Every line of the material below needs to be copied exactly; omit the pictures.
START Raw data
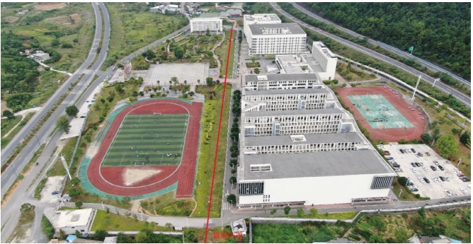 西南成品油管道某管段管徑457 mm,管道材質(zhì)X60,設計壓力10 MPa,防腐層為3PE,2005年投產(chǎn)運行。由于地方經(jīng)濟建設和城市發(fā)展,縣城區逐步將管道包圍,形成人口密集型高后果區10處(其中學(xué)校2處、安置區4處、物流商貿城2處、廠(chǎng)區2處)。例如,某校園教學(xué)樓和宿舍樓建筑物距管道最近距離15 m,涉及管道長(cháng)度450 m,宿舍為6層樓,教學(xué)樓為5層,建筑面積54 000 m2,校園師生3463人,為Ⅲ級人口密集型高后果區(圖 1)。
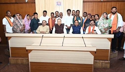 रायपुर, 15 जुलाई 2025/ मुख्यमंत्री श्री विष्णुदेव साय से छत्तीसगढ़ विधानसभा के समिति कक्ष में राजनांदगांव जिले के नागरिकों के प्रतिनिधिमंडल ने सौजन्य मुलाकात की। प्रतिनिधिमंडल को संबोधित करते हुए मुख्यमंत्री श्री साय ने कहा कि हमारी सरकार पूरी पारदर्शिता के साथ निरंतर जनहित में कार्य कर रही है। प्रशासनिक कार्यप्रणाली में नवाचार को प्रोत्साहित करते हुए सभी प्रक्रियाओं को चरणबद्ध रूप से ऑनलाइन किया जा रहा है, जिससे नागरिकों को सुगम, सरल और सुलभ सेवाएं उपलब्ध हो रही हैं।
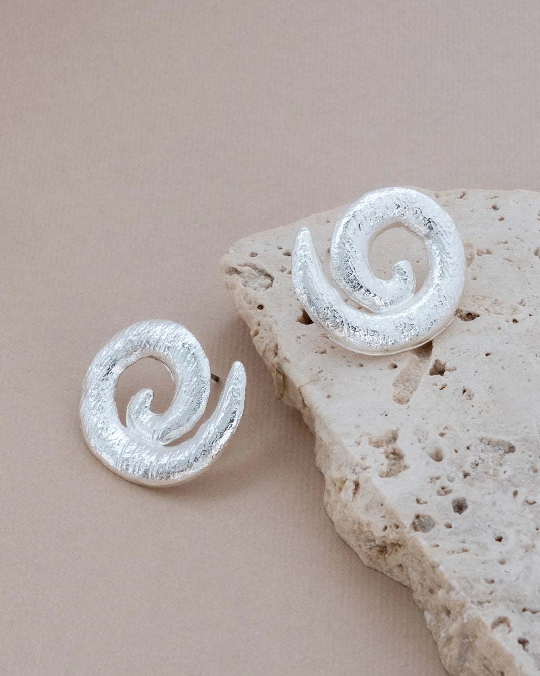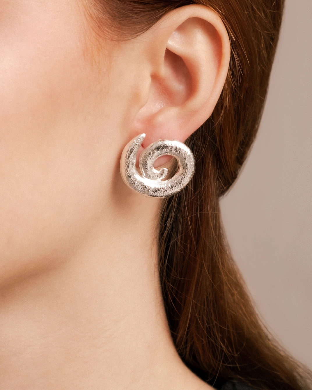 These silver spiral shaped earrings exude an understated elegance. Bold yet with a minimalist design and size, their textured finish gives them added depth and a touch of sophistication.
END Raw data
◆ **Response to this task**
 西南成品油管道某管段管徑457 mm,管道材質(zhì)X60,設計壓力10 MPa,防腐層為3PE,2005年投產(chǎn)運行。由于地方經(jīng)濟建設和城市發(fā)展,縣城區逐步將管道包圍,形成人口密集型高后果區10處(其中學(xué)校2處、安置區4處、物流商貿城2處、廠(chǎng)區2處)。例如,某校園教學(xué)樓和宿舍樓建筑物距管道最近距離15 m,涉及管道長(cháng)度450 m,宿舍為6層樓,教學(xué)樓為5層,建筑面積54 000 m2,校園師生3463人,為Ⅲ級人口密集型高后果區(圖 1)。
 रायपुर, 15 जुलाई 2025/ मुख्यमंत्री श्री विष्णुदेव साय से छत्तीसगढ़ विधानसभा के समिति कक्ष में राजनांदगांव जिले के नागरिकों के प्रतिनिधिमंडल ने सौजन्य मुलाकात की। प्रतिनिधिमंडल को संबोधित करते हुए मुख्यमंत्री श्री साय ने कहा कि हमारी सरकार पूरी पारदर्शिता के साथ निरंतर जनहित में कार्य कर रही है। प्रशासनिक कार्यप्रणाली में नवाचार को प्रोत्साहित करते हुए सभी प्रक्रियाओं को चरणबद्ध रूप से ऑनलाइन किया जा रहा है, जिससे नागरिकों को सुगम, सरल और सुलभ सेवाएं उपलब्ध हो रही हैं।
 These silver spiral shaped earrings exude an understated elegance. Bold yet with a minimalist design and size, their textured finish gives them added depth and a touch of sophistication.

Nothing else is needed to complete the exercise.